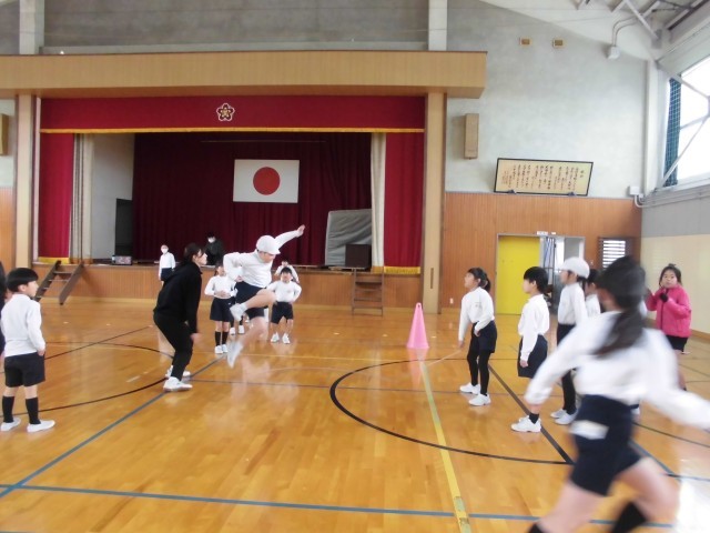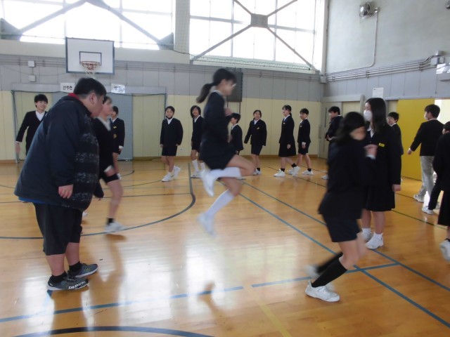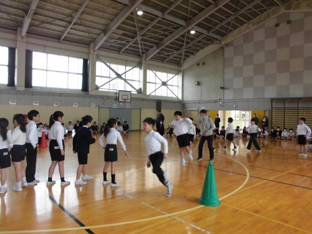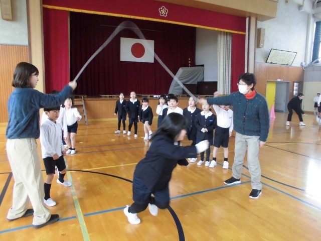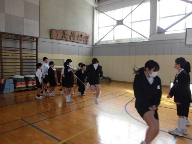 練習をたっぷりした後、スタートの合図と共に、どの学年も元気にとびはじめました。懸命にとぶ下学年、上学年はテンポよく軽々ととんでいました。さすがです!
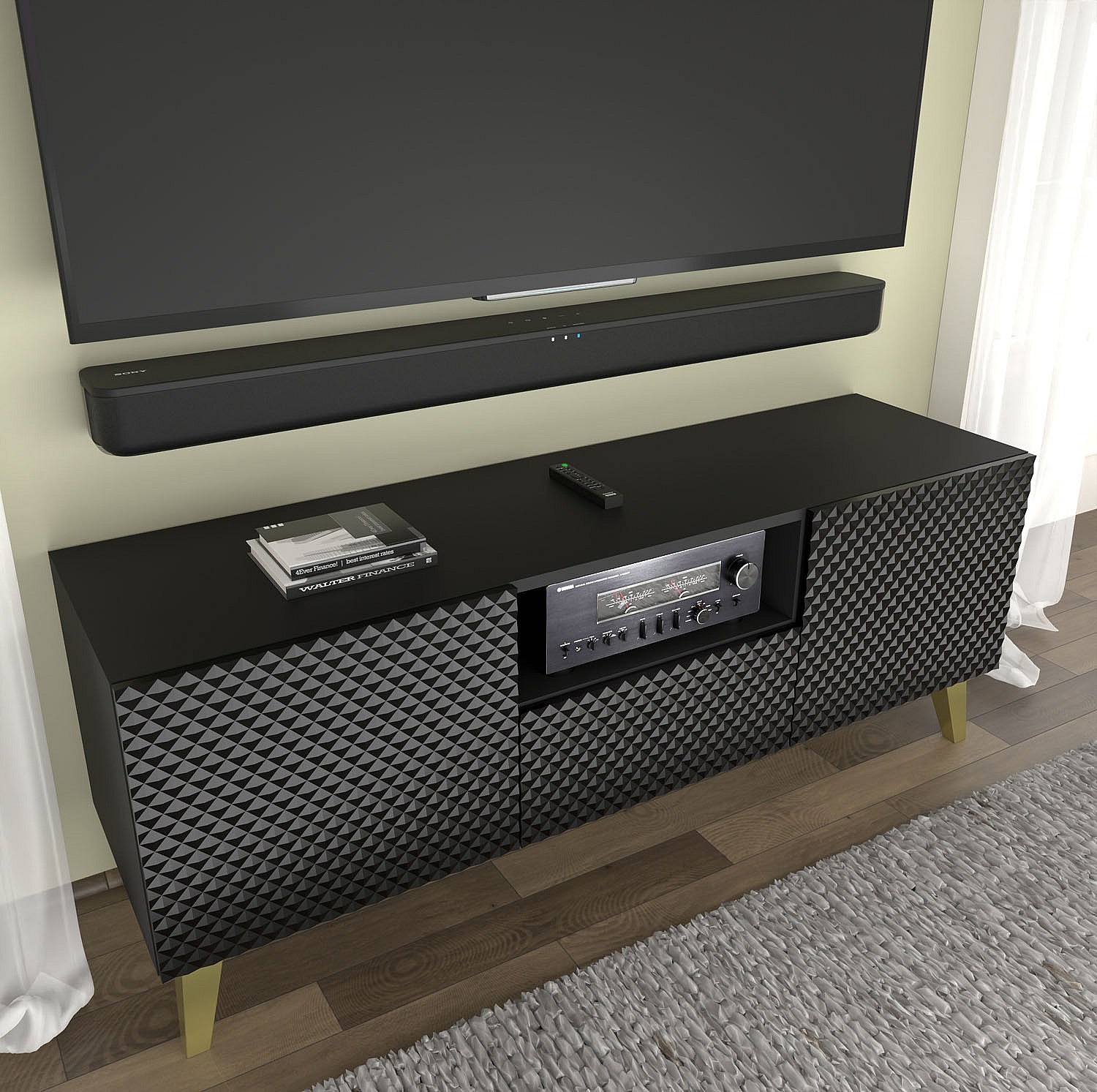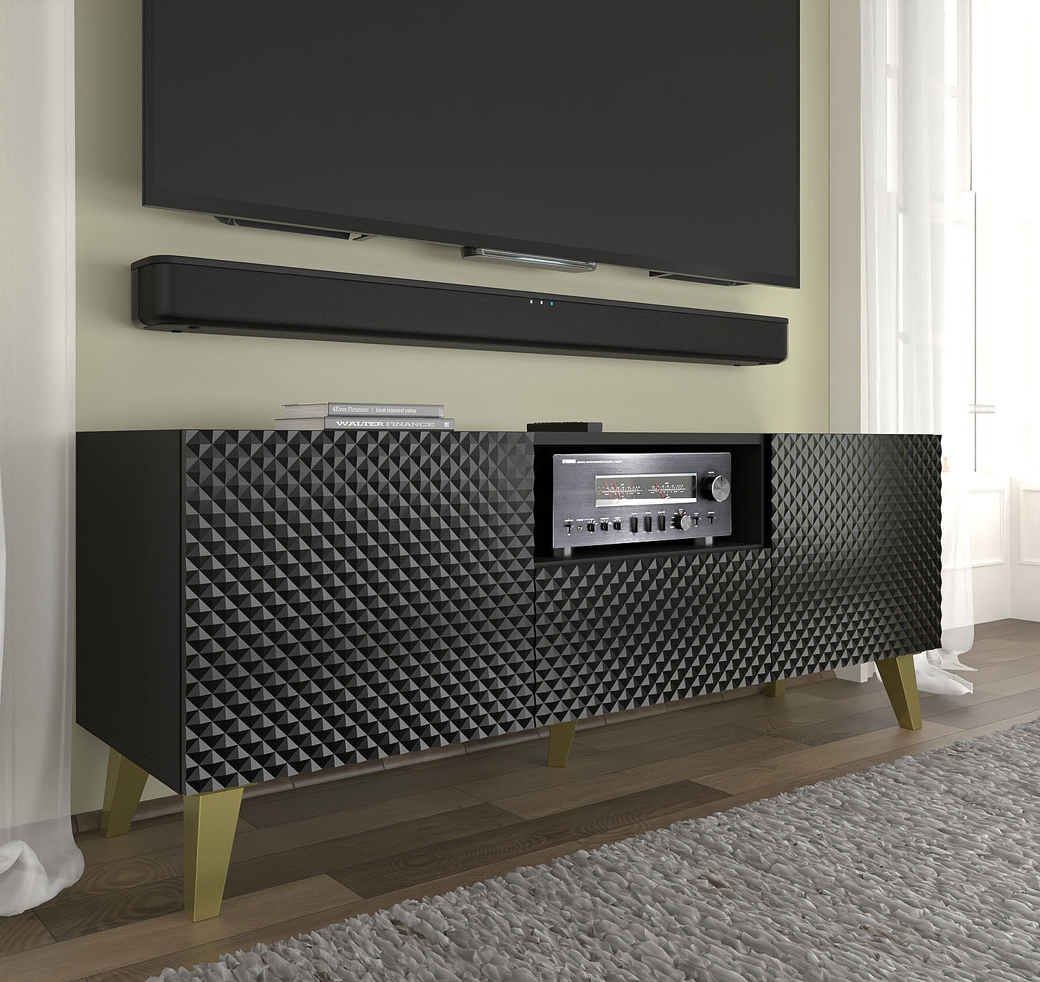 Fernsehtisch Ravenna PC RTV150 2D1S 150x42x56 Schwarz & Golden
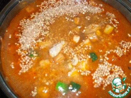 Добавить гречневую крупу и залить горячей водой, перемешать. Гречка разная, я на 1 стакан гречки взяла 2,5 стакана воды (горячей). Добавить соль по вкусу, прованские травки или сушеный укроп, обязательно щепотку молотой гвоздики и 1 ч. л. порошка имбиря. Накрыть крышкой. Готовить на медленном огне. Моя гречка была готова через 30 минут. При необходимости добавить немного воды в процессе приготовления. Дать постоять 15 минут и подавать.
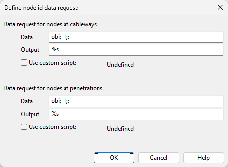 Define node id format in listing – Click Define to open the Define node id data request dialog. Here, you can define data requests that will be used when generating node IDs for cable ways and cable penetrations.
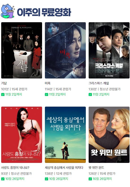 네이버 주말의 비디오방입니다. 요즘은 스트리밍만 하니까 기간내에 보고 싶을 때 보면 됩니다.
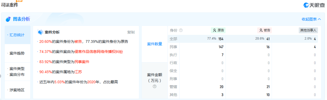 雷达财经注意到,截至目前,视觉中国在天眼查上共有司法案件199条,其中作为原告154条,且74.37%的案件案由为侵害作品信息网络传播权纠纷。
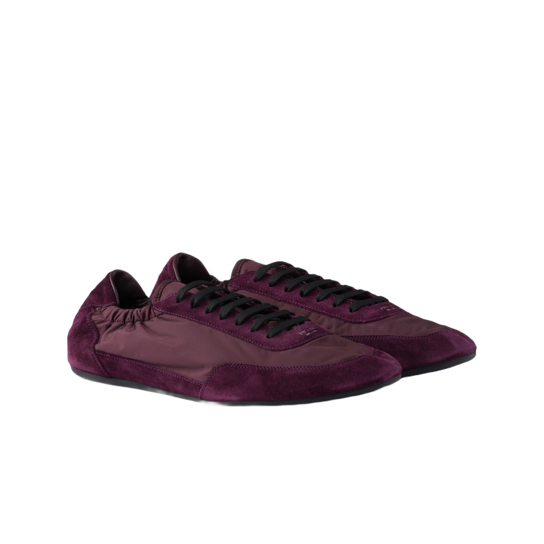 Prada Collapse Re-Nylon and Suede Sneakers Burgundy

★ ★ ★

▸ **ACTIVITY**
With the pictures omitted, copy exactly the lines of the listing above starting at the line containing "Fernsehtisch Ravenna PC" and ending at the line containing "네이버 주말의 비디오방입니다.", both included.

▸ **RESULT BELOW**
 Fernsehtisch Ravenna PC RTV150 2D1S 150x42x56 Schwarz & Golden
 Добавить гречневую крупу и залить горячей водой, перемешать. Гречка разная, я на 1 стакан гречки взяла 2,5 стакана воды (горячей). Добавить соль по вкусу, прованские травки или сушеный укроп, обязательно щепотку молотой гвоздики и 1 ч. л. порошка имбиря. Накрыть крышкой. Готовить на медленном огне. Моя гречка была готова через 30 минут. При необходимости добавить немного воды в процессе приготовления. Дать постоять 15 минут и подавать.
 Define node id format in listing – Click Define to open the Define node id data request dialog. Here, you can define data requests that will be used when generating node IDs for cable ways and cable penetrations.
 네이버 주말의 비디오방입니다. 요즘은 스트리밍만 하니까 기간내에 보고 싶을 때 보면 됩니다.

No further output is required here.